The testing pilots and operators practised assiduously, improving their results until they felt confident enough to make a flight to France and demonstrate their system to Trenchard and the Air Staff. There, near St Omer, the two aircraft circled the field, one transmitting instructions which were obeyed by the other. On the ground, Trenchard had a receiver so that he could ensure that there was no deception by a pre-arranged scheme.

Officers were given the opportunity of flying as observers and found that they too, could speak and listen to their satisfaction. Trenchard was so delighted with the results that he at once sent a message to the Directorate of Military Aeronautics:


'With regard to the wireless telephone apparatus recently sent here for test, trials have been made with highly satisfactory results. I am very pleased that this problem appears to have been solved and I consider that it reflects much credit on those who have been engaged in the experimental work and the design of the apparatus.’

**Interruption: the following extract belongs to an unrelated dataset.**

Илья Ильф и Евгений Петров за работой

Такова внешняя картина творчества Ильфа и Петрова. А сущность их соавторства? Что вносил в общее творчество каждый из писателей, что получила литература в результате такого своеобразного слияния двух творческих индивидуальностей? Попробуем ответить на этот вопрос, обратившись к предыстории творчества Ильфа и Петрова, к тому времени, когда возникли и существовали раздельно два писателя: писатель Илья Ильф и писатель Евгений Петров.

In August 1917 the RFC also introduced a wireless telegraphy tracking system to intercept enemy aircraft over England. Four BE12 aircraft sent at two-minute intervals in a simple code the number of hostile aircraft, their positions and direction of flight. The following is a RFC report on 31st October 1917.

'Fighters were put on readiness at 22.38. Four pilots briefly saw bombers, which quickly vanished. Two pilots, Oswell and Lucas, flying BE.12 trackers of No 50 Squadron both signalled their sightings back to base. Oswald followed a Gotha flying at 11,500 ft. northwest from Dover. The crew of a Strutter N5617 from Eastchurch picked up the Gotha. They closed in and the observer fired a drum from his Lewis gun. Shortly afterwards they lost sight of the machine.'

For the first officially recorded air-to-ground telephony communication and for the development of the wireless ‘telephone’ Prince was awarded the OBE, a grant of one thousand pounds after the war and the thanks of a grateful Air Ministry.


Tuner Mark III (Receiver), c. 1918


British variable reaction valve receiver operating on the 350-450 metres and 600-800 metres waveband. The Tuner Mark III (Receiver) was carried in British reconnaissance aircraft in 1918, and used to communicated with artillery batteries


A variable reaction receiver operating on the 350-450 metres & 600-800 metres waveband. Used by the BEF for long-range artillery work, R/T and night bombing along with hostile day and night raids. Also used for spotting for garrison guns & ground inter-communications.


By November 1918 the RAF had some 600 aircraft fitted with the new ‘Mark III choke controlled telephone sets’, operating in conjunction with 1,000 ground stations and manned by over 18,000 wireless operators.

It is also tragic to remember that there was an average of 400 casualties per year among RFC wireless operators, rising to nearly 500 lives lost during the months of May to November 1918.